INL accelerates nuclear energy research with Bitterroot supercomputer

July 17, 2024, 12:00PMNuclear News
INL’s new Bitterroot supercomputer installed in the Collaborative Computing Center. (Photo: INL)

A new supercomputer named Bitterroot started operating in June at Idaho National Laboratory’s Collaborative Computing Center (C3) and is speeding up nuclear energy research by improving access to modeling and simulation tools. Bitterroot arrived at INL in March, and the announced July 15 that the supercomputer was open to users on June 18 after installation and an extensive program of testing.

Bitterroot joins other high-performance computing (HPC) resources at INL—including Sawtooth, C3’s flagship supercomputer—that can be accessed through the Department of Energy’s Nuclear Science User Facilities (NSUF) for nuclear energy–related research projects at no cost to the user. More than 1,300 researchers currently access HPC resources at the lab, according to the DOE, which celebrated the additional capacity from Bitterroot on July 15.

Bitterroot’s range: Bitterroot is a Dell-based CTS-2 that offers more than 43,000 processing cores with 3 petaflops of performance. Importantly, it is the first system supported by NSUF to offer high-bandwidth memory, and that will speed up computations in certain applications that previously have been slowed down by bandwidth limitations.

“NSUF’s flagship Sawtooth supercomputer is unable to keep with the high demand for high-priority, complex operations on its own,” the DOE said.

According to INL, Bitterroot’s memory “will improve performance for memory-bandwidth-limited applications like the Multiphysics Object Oriented Simulation Environment, better known as MOOSE, framework. MOOSE is the foundation for many of the tools that aid advanced nuclear research that support the existing reactor fleet as well as the development and eventual licensing of new designs.”

The installation process for the Bitterroot supercomputer. (Photo: INL)

High-performance computing: “INL high performance computing is unique in that 80-90 percent of our computer cycles are dedicated to nuclear energy research,” said Matthew Anderson, manager of the High-Performance Computing group at INL. “Bitterroot brings us a new capability and additional capacity as we prepare for additional long-term investments in new computing resources.”

HPC allows engineers and scientists to model a wide variety of complex variables in advanced reactor materials and fuels before construction begins, such as how steel or concrete degrade over time and what byproducts build up in nuclear fuel. Supercomputers can support physical experiments by performing simulations to predict how materials will perform. Those predictions can be used to select the most promising experiments, which could reduce the time and cost required for technology development.

C3 was built in 2019 as a 67,000-square-foot facility equipped to host multiple supercomputers.

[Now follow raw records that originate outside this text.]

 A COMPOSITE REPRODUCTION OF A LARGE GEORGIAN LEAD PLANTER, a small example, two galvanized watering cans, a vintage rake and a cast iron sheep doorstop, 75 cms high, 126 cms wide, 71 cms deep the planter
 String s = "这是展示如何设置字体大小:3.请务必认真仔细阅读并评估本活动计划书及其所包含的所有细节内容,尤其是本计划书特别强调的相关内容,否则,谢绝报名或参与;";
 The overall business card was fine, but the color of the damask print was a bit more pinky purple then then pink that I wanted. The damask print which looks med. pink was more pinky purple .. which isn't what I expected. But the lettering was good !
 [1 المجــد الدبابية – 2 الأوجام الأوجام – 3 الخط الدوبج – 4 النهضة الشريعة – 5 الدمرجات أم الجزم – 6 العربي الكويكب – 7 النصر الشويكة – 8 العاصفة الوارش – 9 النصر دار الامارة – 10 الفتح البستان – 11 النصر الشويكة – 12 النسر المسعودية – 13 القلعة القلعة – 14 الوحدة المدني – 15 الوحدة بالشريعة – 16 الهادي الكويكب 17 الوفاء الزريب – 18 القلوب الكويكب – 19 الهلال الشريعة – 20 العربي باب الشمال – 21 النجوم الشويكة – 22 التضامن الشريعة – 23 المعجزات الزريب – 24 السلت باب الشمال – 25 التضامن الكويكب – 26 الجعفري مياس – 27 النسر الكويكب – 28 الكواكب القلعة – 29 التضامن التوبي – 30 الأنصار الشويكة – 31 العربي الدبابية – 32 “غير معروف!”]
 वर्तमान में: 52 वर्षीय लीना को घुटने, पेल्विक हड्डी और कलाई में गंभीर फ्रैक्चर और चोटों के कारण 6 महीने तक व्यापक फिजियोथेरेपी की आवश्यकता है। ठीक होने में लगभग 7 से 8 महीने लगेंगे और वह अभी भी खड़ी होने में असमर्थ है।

In addition to Bitterroot, C3 is also home to Sawtooth (ranked the 37th fastest-performing supercomputer when it was installed in 2020) and INL’s other systems: Lemhi, Hoodoo, and Viz. In fiscal year 2023, the lab’s supercomputers provided users with 939 million core hours on more than 3.7 million jobs, according to INL.

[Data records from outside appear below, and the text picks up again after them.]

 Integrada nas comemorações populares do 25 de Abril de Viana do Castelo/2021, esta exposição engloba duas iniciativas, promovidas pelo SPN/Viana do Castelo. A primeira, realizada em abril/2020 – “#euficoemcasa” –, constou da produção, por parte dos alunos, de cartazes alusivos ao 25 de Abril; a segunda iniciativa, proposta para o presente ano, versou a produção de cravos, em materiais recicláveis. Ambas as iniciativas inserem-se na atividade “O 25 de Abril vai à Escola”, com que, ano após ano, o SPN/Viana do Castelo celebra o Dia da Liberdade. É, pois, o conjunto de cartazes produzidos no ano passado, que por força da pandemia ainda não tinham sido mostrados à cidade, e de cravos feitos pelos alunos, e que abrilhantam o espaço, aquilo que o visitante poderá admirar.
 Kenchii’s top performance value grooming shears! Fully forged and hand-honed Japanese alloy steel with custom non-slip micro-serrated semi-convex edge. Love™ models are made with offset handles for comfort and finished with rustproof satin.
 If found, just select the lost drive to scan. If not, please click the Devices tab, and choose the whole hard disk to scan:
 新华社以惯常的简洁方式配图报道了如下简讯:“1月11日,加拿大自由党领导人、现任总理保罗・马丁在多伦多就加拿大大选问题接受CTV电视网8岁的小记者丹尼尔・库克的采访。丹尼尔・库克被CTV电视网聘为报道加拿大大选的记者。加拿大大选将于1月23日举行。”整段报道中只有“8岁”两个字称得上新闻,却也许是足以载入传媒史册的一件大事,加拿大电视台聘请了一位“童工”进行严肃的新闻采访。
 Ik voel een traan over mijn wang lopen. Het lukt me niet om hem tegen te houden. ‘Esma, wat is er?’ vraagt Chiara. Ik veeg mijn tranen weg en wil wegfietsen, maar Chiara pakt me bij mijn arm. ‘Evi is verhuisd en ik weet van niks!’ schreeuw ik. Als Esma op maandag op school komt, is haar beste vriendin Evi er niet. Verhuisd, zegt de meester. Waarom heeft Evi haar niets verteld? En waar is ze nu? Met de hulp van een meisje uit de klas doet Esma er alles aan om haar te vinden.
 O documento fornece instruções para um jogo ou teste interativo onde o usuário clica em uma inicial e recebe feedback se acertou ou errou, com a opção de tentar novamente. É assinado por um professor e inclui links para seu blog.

Filling a gap: Bitterroot will be able to claim status as the NSUF’s newest supercomputer for just about one year. It will help bridge the gap in modeling and simulation needs while the NSUF works to bring its next flagship supercomputer—Teton—online in 2025.

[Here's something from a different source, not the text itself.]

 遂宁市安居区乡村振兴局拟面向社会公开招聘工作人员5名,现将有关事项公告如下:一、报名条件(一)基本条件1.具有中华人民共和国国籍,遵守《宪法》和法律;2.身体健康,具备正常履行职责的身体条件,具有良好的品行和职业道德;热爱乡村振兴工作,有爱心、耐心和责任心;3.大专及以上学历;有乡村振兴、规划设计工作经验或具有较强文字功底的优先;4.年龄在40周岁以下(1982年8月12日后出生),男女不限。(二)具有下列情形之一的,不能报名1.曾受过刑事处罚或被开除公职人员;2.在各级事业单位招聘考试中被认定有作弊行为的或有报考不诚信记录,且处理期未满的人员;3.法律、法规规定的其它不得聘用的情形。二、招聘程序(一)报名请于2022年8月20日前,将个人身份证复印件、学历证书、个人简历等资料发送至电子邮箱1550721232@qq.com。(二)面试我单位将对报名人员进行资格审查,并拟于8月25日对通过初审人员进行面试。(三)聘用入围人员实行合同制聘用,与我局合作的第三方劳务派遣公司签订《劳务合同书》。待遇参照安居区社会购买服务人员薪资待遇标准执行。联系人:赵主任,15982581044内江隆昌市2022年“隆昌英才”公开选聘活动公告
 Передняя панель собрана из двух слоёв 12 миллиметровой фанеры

Teton is anticipated to be three times as powerful as Sawtooth. Bitterroot and Sawtooth will continue operating after Teton comes online to help meet the high user demand from industry, national laboratories, and academia.

Bitterroot gets its name from an Idaho mountain range and continues INL’s tradition of naming its high-performance computers after Idaho landmarks. Sawtooth and Teton are also ranges in the Rocky Mountains.

More on the NSUF: The NSUF is the DOE Office of Nuclear Energy's only designated nuclear energy user facility. NSUF resources include test reactors, beamlines, post-irradiation examination, and HPC at university, national laboratory, and industry partner sites.

“Not every company in the nuclear industry has its own gamma irradiation facility or supercomputer, but we’re all working toward the same goal of deploying more carbon-free nuclear energy,” said NSUF director Brenden Heidrich. “You never know who will make the next breakthrough, and partnerships like NSUF are vital to help level the playing field.”

To learn more about how you can access Bitterroot and INL’s other supercomputers, visit the lab’s HPC website here.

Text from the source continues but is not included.